Охотники за курганами - Владимир Николаевич Дегтярев
Письма, значит, прошли через особый кабинет, где чужим, но востроглазым людом были прочтены! Артем Владимирыч, не дочитав отцовского письма, немедля рванул невестин конверт. Так и есть.
Не письмо, а короткая записка: «Люблю, ненаглядный, жду!» В листке с тремя строчками букв лежал светлый локон Лизонькиных волос.
Артем Владимирыч распрямил локон, пододвинул к себе коптилку. Среди волос увидел он тонкую золотую нить и нить серебряную. Локон был к тому же посыпан бриллиантовой крошкой.
Сие означало в огромном, переплетенном корнями и ветвями роду Трубецких следующее: «Люблю тебя от юности до смерти». Золотая и серебряная нити означали: «Люблю всю жизнь». А вот толченый бриллиант как раз и был образом смерти.
Если кому из того древнего рода следовало не в срок уйти к большинству, тот толок бриллиант и выпивал его крошки с вином. Послать себе в лоб пулю или пить яд — сие считалось уделом несчастных, не понимающих жизни грешников.

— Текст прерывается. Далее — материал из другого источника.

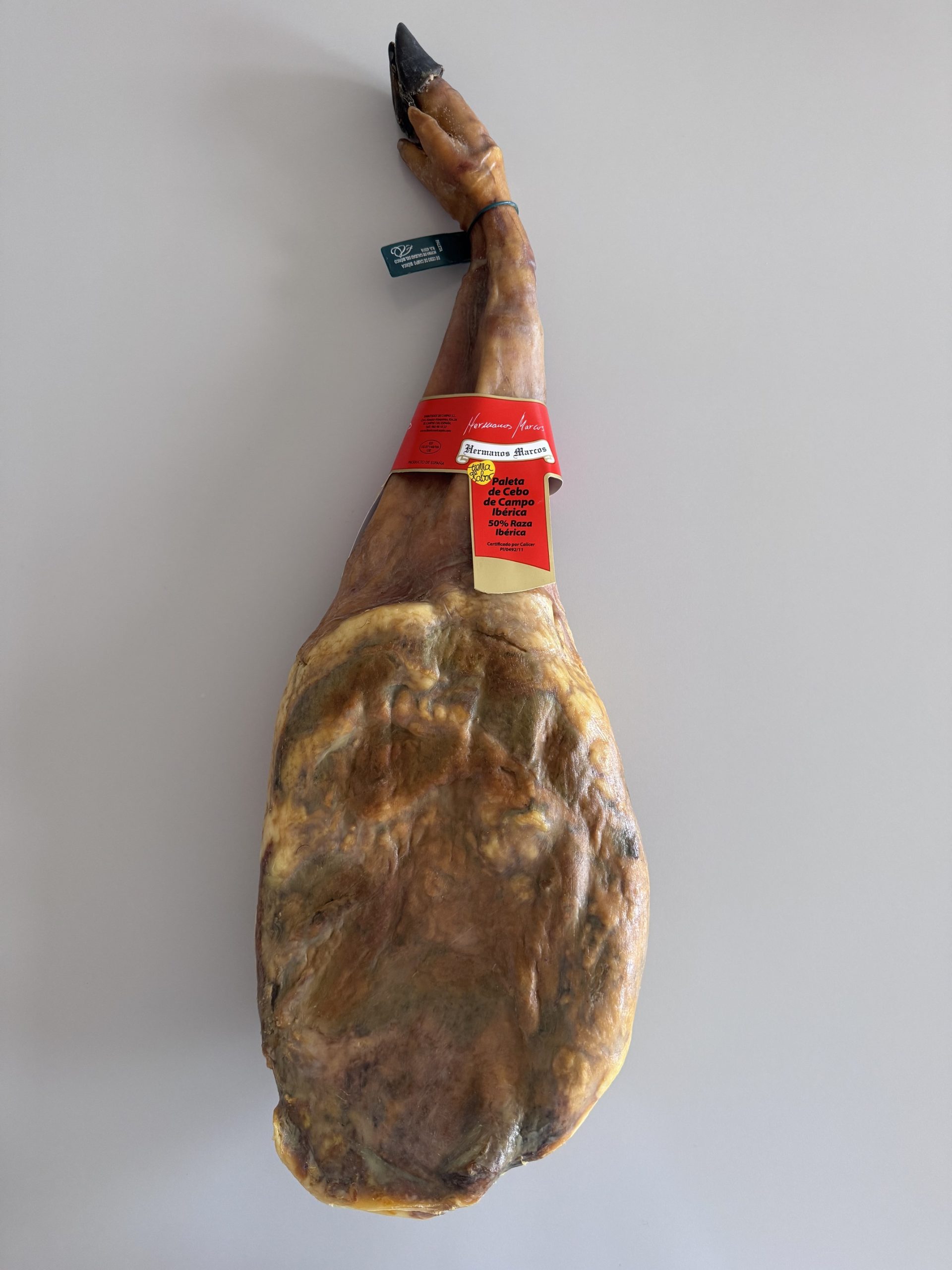 Ingredientes: Paleta de cebo de campo ibérica 50% raza ibérica y sal marina. Las piezas tienen una curación mínima de 24 meses. Piezas de 5kg aproximadamente.
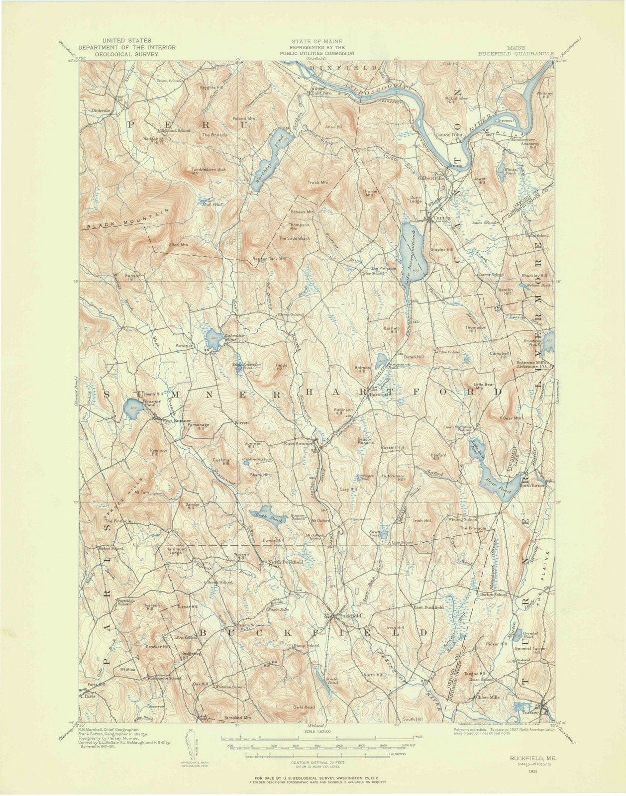 1911 Buckfield, ME - Maine - USGS Topographic Map
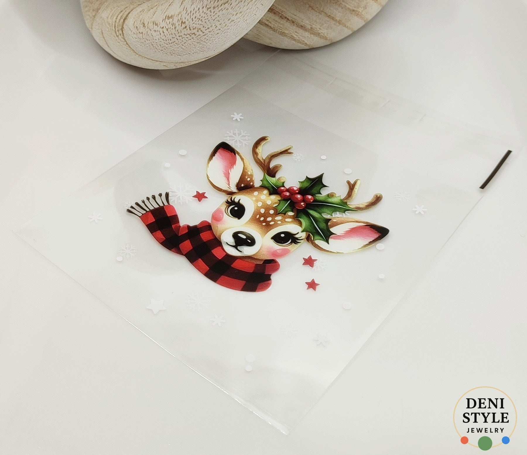 Elegáns és bájos karácsonyi ajándéktasak aranyos szarvas mintával, piros-fekete sállal és ünnepi díszítéssel. Tökéletes ékszerek, vagy apró ajándékok csomagolásához. Az öntapadós záródás egyszerűvé teszi a használatot, miközben látványos, ünnepi megjelenést biztosít.
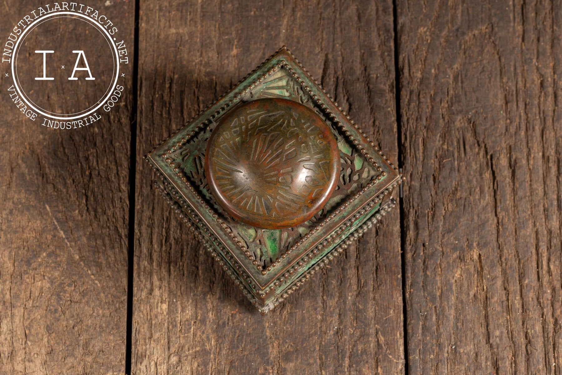Produced by Tiffany Studios, the decorative arts arm of Louis Comfort Tiffany's enterprise, the firm became synonymous with innovative stained glass and finely cast bronze desk objects in the early 20th century.

Люди из рода Артема Владимирыча при случае безысходном или облыжно позорном всегда уходили чистыми — телесно и душевно — ударом древнего кинжала под пятое ребро слева.
Артем Владимирыч известным способом подвязал накрепко локоны невесты к своим длинным волосам, выпил вина, попробовал спеть песню про березоньку во поле, засмеялся счастливо и упал спать на тулуп у печи, заботливо приготовленный Егером.

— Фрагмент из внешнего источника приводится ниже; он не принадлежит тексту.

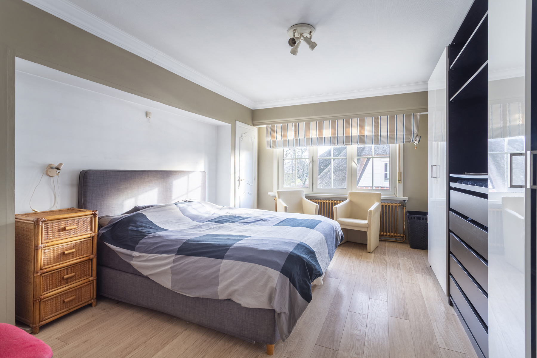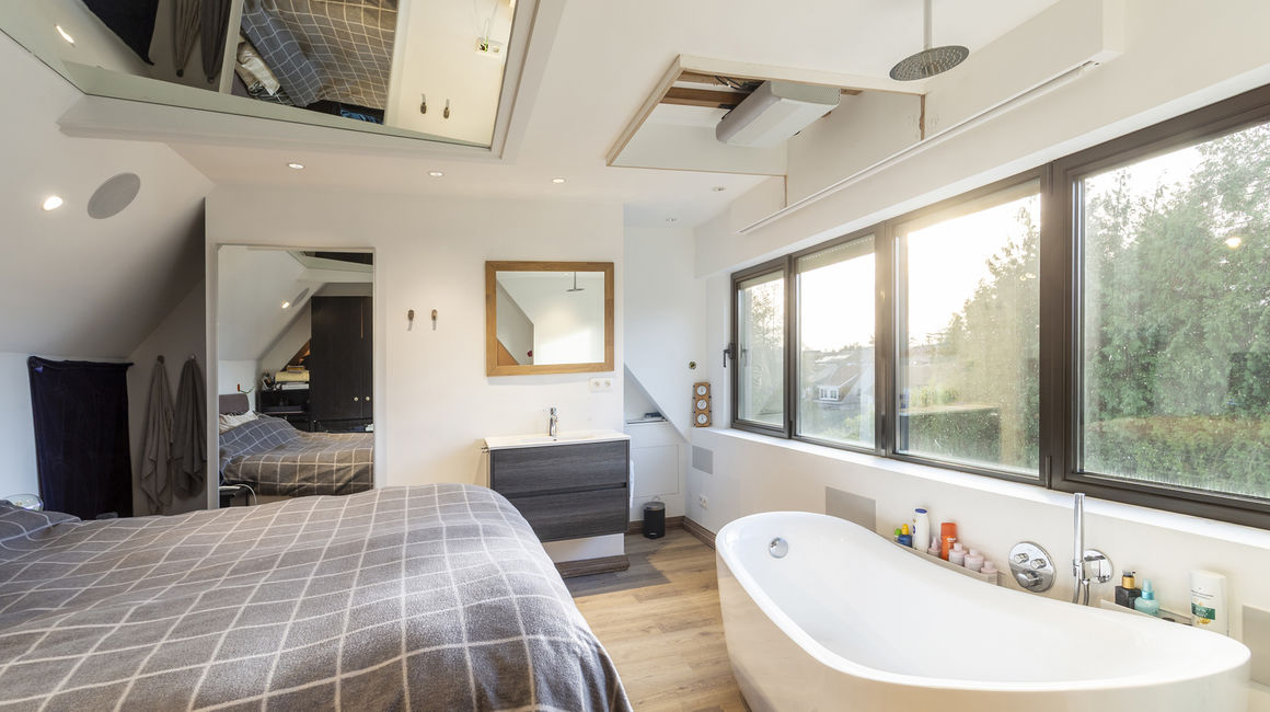 De derde verdieping is volledig gewijd aan de master bedroom, met een luxueuze badkamer voorzien van douche in bad, een inloopdouche, een toilet en prachtig panoramisch uitzicht.
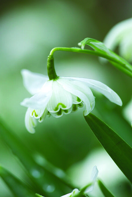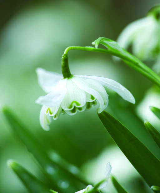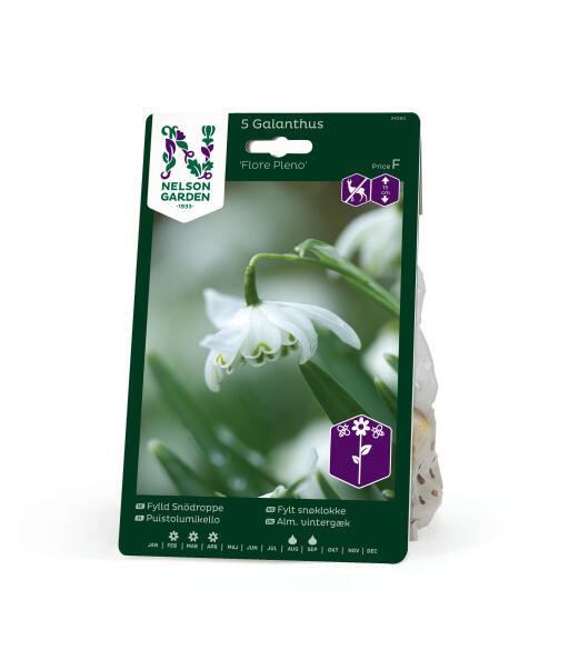 En fylt snøklokke med grønnspissede indre blomsterblad som dekkes av kritthvite ytre blomsterblad. Disse små skjørtlignende skjønnhetene har tiltrukket dyrkere helt siden 1731. Anses som mindre appetittlig for rådyr, hare, kanin og markmus.
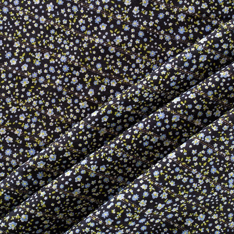 Итальянская плательно-блузочная вискоза с мелким цветочным принтом на черном фоне декорирована тонкой люрексовой полоской. Ткань очень пластичная, отлично драпируется и струится, мягкая и приятная на ощупь, не просвечивает. Прекрасно подойдет для пошива платья, топа, блузки, юбки.
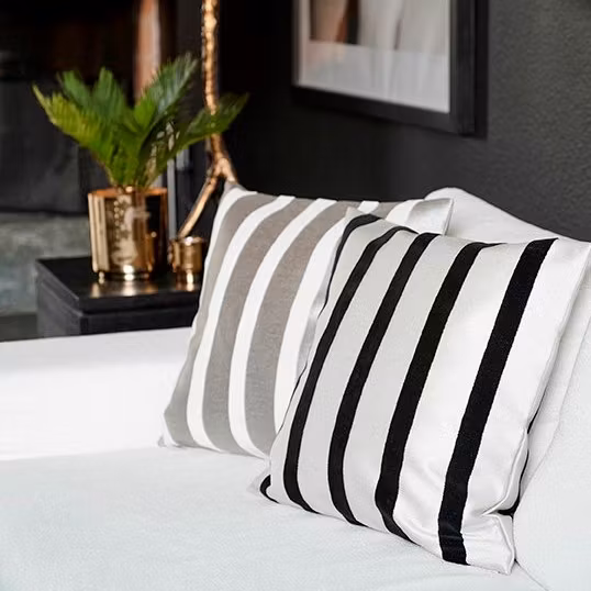 Carolina Gynnings kuddfodral i kollektionen LuxurySnyggt motiv med vita och beige ränder.
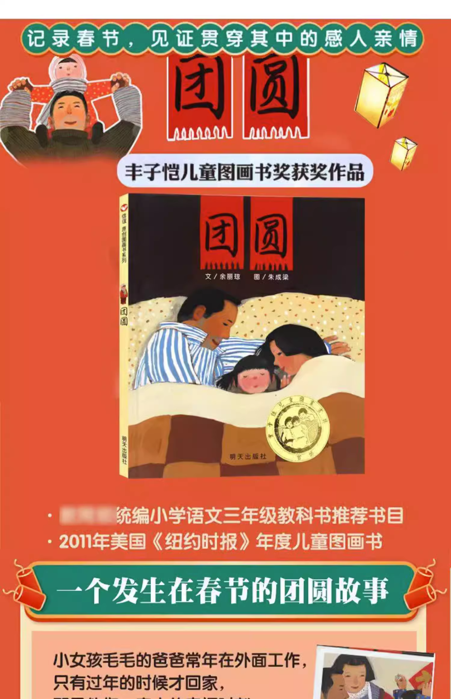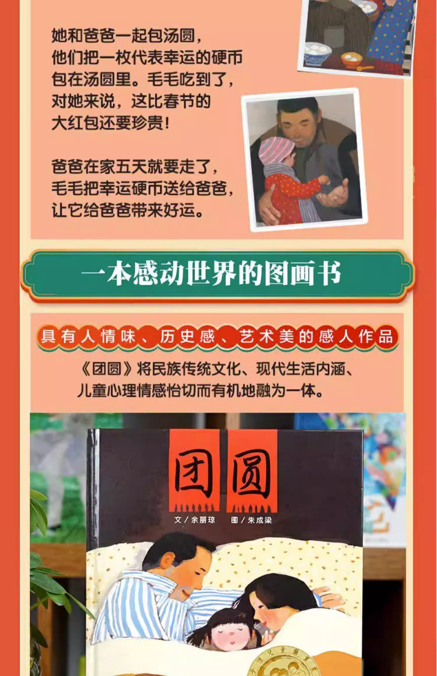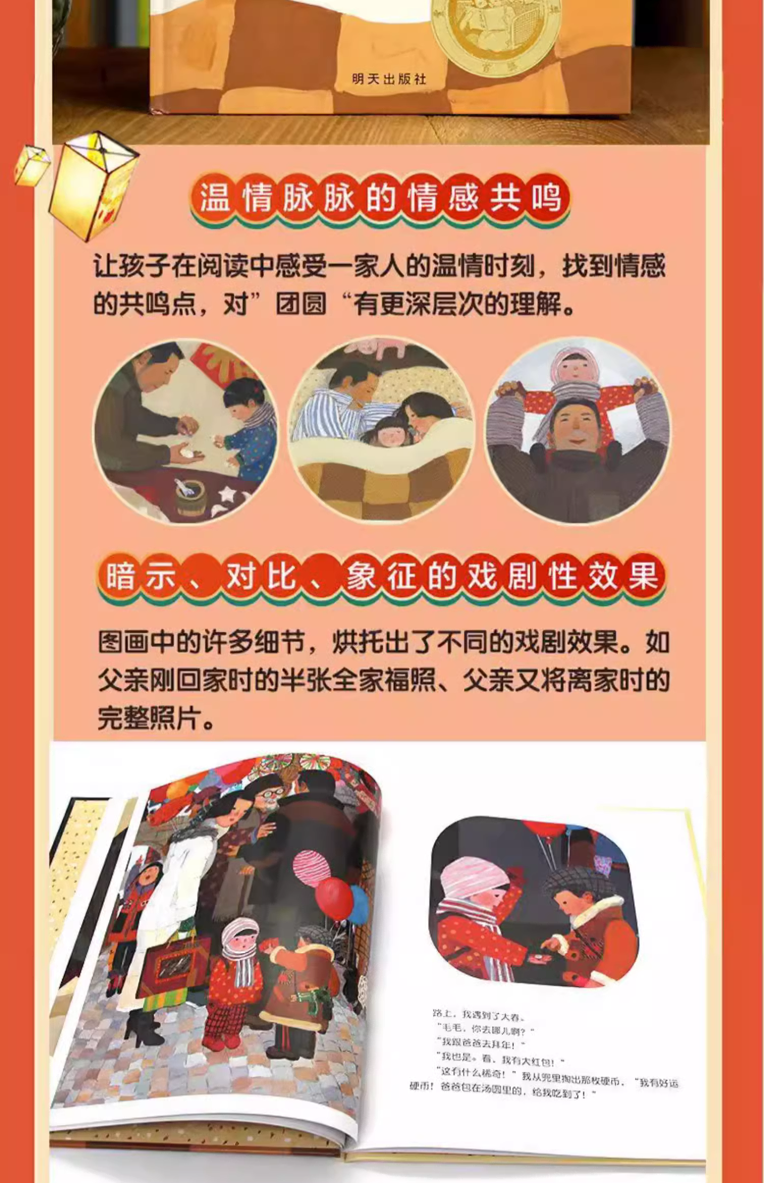 本书是一部将民族传统文化、现代生活内涵、儿童心理情感恰切而有机地融为一体,具有人情味、历史感、艺术美的感人作品。其文字故事自然素,没有夸饰的言辞,没有过剩的意绪,主题意蕴含而不露,情感表达酽而不烈,结构安排疏而不漏,既为绘画提供了坚实的展开基础,也给绘者留下了广阔的创意空间。本书讲述了一个爸爸常年在外,回家过年团圆的故事。

Под утро, собираясь уже идти к Соймонову, князь Артем велел Егеру положить возле спящего у печи на кошме Акмурзы его халат, меховые штаны, кожаные, протертые донельзя ичиги.
Сам пробудил джунгарина. Тот ошалело сел, завертел башкой. Сабля и новодареный кинжал лежали у него под правой рукой. Акмурза поднял голову, что-то мыкнул.
— Али тебе на опохмел налить? — с грубым сочувствием спросил Егер.
Князь Артем толкнул Егера плечом, и они оба отвернулись от голого военного предводителя. Акмурза сзади кряхтел, обувая ичиги, натягивая штаны. Потом, когда накидывал халат, тяжелая пола с вшитым туда Егером деревянным торбасом тупо и громко ударила по печи.
Князь Артем повернулся. Акмурза шагнул мимо него к кадке с водой. Взял ковш, зачерпнул и весь ковш студеной воды разом выпил. Выдохнул угар воздуха и крепкого пития.
Все еще молча Акмурза прицепил к поясу саблю, тонкой ременной шлейкой прикрутил к левому рукаву дареный кинжал. Потом свистнул полевым переливом. Во дворе отозвался ржанием его конь.
Егер сумеречно оглядел Акмурзу и повернул лицо ко князю. Тот продолжал дружественно молчать.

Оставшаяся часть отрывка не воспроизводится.